Good discussion here...
Brian Goodwin
Good-Win Racing
www.good-win-racing.com
MrXtreme
Posts: 9
Joined: Sun Dec 04, 2005 10:27 pm
Location: Surf City, USA

Post by MrXtreme »

Jazzman,

I'm enjoying the conversation! I agree with you on your point that in
an OEM case, one can go with a longer body to make up for the volume
of the shock shaft, strictly for economic reasons. My point was only that
this isn't always the case (my fifth grade teacher drilled us to watch out
for the use of the word "always" :D ).

Again I agree with you that (and watch out for always!) many monotubes
can have a higher internal friction due to the need for the seal on the
separating piston. But (here's the almost part), some shocks (and oddly
sometimes twin tubes) use a gas bladder instead of a separating piston.
Though I've never measured one, it appears that the internal friction
would be about the same in either case (twin or mono) in the absence of
a second piston. In fact with a remote reservoir and a gas bladder one
could probably make a monotube with less internal friction (from seals)
than a twin tube design, because you could eliminate the shaft seal and
only have the one piston seal. I've seen at least a motorcycle shock
built this way.

It just came to mind that I had a set of Boge shocks on my enduro back
in the early 70's that were of twin tube construction using a nitrogen gas
bladder stuffed into the outer casing. I know because I converted them
myself from emulsion to non-emulsion. Man we had to do a bunch of
crazy things back then in an attempt to make a suspension work. Fitting
heat sinks, monkeying with oils, drilling out valving, playing with all those
disc washers. Much easier just to buy stuff and bolt it on! And so much
cleaner, too.

Can we move to a discussion of active suspensions where things get real
interesting?!?! :D (just kidding!)

So are you a II-V-I guy?
JAZZMAN
Posts: 4
Joined: Sun Jan 08, 2006 9:36 pm

Post by JAZZMAN »

The difference in length between twin vs. mono isn't due to having to account for the rod volume, because both types have to do that, and typically rod volume doesn't change significantly between the two on the same application. BUT, each accounts for it differently. The twin tube places the extra volume OUTSIDE the inner tube, concentric with the rod. The monotube places the extra volume BELOW the oil chamber. The only way a monotube won't be longer than a twin tube is if there is enough dead length built into the twin tube (which depends soley on the location of the upper and lower shock mounts on the chassis) to account for this extra volume requirement WITHOUT extending the damper. In some cases it is possible, in many it isn't. There would be no other reason to make such a change to length and travel. I think we may be making different points, or maybe I'm misunderstanding you.

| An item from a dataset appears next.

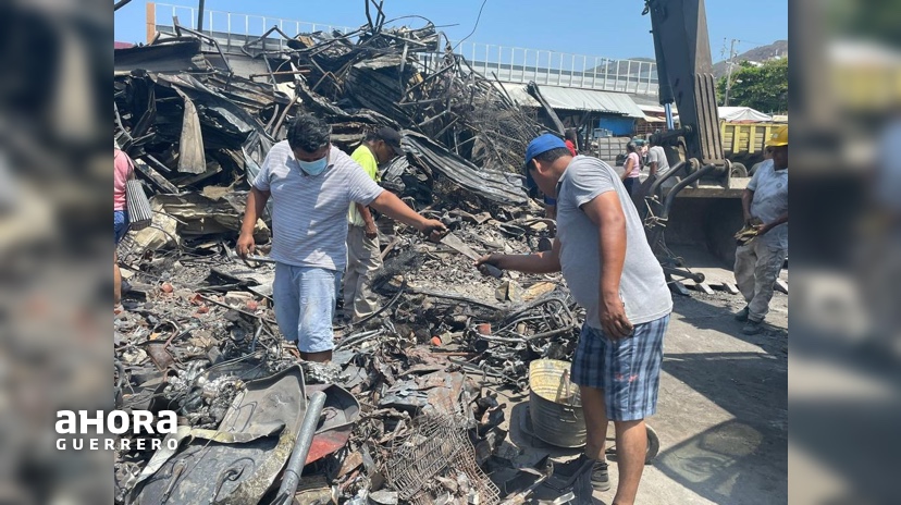 Este martes, Ahora Guerrero, realizó un recorrido en el área afectada, para constatar los trabajos de limpieza en la parte trasera, donde se ubica un estacionamiento público, el personal de Bomberos y Protección Civil municipal, no paraban de retirar los fierros quemados.

Generally, I agree with your points about speacial cases where a monotube may have very good fricition characterisitics. I think we both agree though that for the vast majority of OEM applications and even many aftermarket/race dampers, twin tubes will be much better in this regard than monotubes.

Not sure what you mean by II-V-I (program code for a certain OEM?). . . so I'm probably not one of them. I'm just an engineer who has a bit of experience with shock design and tuning.
MrXtreme
Posts: 9
Joined: Sun Dec 04, 2005 10:27 pm
Location: Surf City, USA

Post by MrXtreme »

I was wondering where you had gone :D

I'm not a shock designer, but in looking at a few different designs, it
appears that the only reason for having the separate chamber in a mono
tube is to account for the shaft volume, as oil is essentially
incompressible, unless it is in the form of an emulsion. If you tried
to build a shock without something to compress inside, it would be
hydraulic locked.

Yes, it sounds like we do agree on this topic more than we disagree.

II-V-I is a jazz chord progression. I'm just an amateur tenor sax dude.